Schmitt tweeted Tuesday that he will “help lead the effort in support of Texas’ #SCOTUS filing today.” His announcement came on “safe harbor day,” the date established by federal law as the deadline for all state-level election challenges to be completed.
Wednesday afternoon, Schmitt announced he was part of a group of 17 attorneys general filing a brief in support of the Texas lawsuit, saying the “integrity of our elections is of critical importance to maintaining our republic.”
U.S. Attorney General William Barr said the Justice Department had found no evidence of widespread fraud in the 2020 election — directly disputing President Donald Trump’s baseless claims that he won re-election.
Rick Hasen, a professor at the University of California at Irvine School of Law, said on his website that the Texas effort to overturn the election results “is a press release masquerading as a lawsuit.”
Georgia Deputy Secretary of State Jordan Fuchs told the Atlanta Journal-Constitution that the allegations in the Texas lawsuit “are false and irresponsible.”
Michigan Attorney General Dana Nessel told the Detroit Free-Press that the lawsuit is a “publicity stunt, not a serious legal pleading.”

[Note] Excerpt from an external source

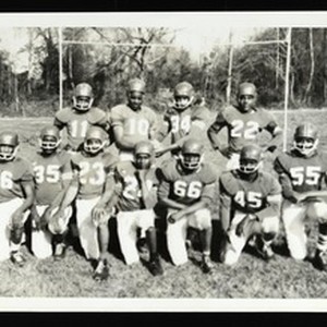 Eagles football team, Saints Industrial College, Lexington, Mississippi, 1963. "Willie Walton was the coach" -- back. [Description English/roman)]
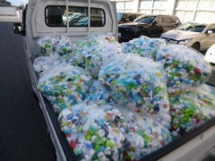 福祉委員会の呼びかけで、ペットボトルキャップの回収を1年間行いました。

Wisconsin Attorney General said told a Milwaukee television station that the lawsuit is “a waste of tax dollars, and I feel sorry for Texas residents that their tax dollars are being spent on this.”
The last-ditch bid to overturn the results of the 2020 presidential race comes after numerous other legal efforts by the president his campaign have fizzled. According to an Associated Press tally of 50 legal challenges brought by the Trump campaign and its allies, more than 30 have been rejected or dropped and around a dozen are awaiting action.
The U.S. Supreme Court on Tuesday turned down a request from Pennsylvania Republicans to block the state from certifying the results for Biden. Another Pennsylvania case is still pending before the court, filed by the state GOP and challenging a court ruling that extended the deadline for absentee ballots until three days after Election Day.
Schmitt was among the attorneys general who filed a brief in that case in support of the Pennsylvania GOP lawsuit.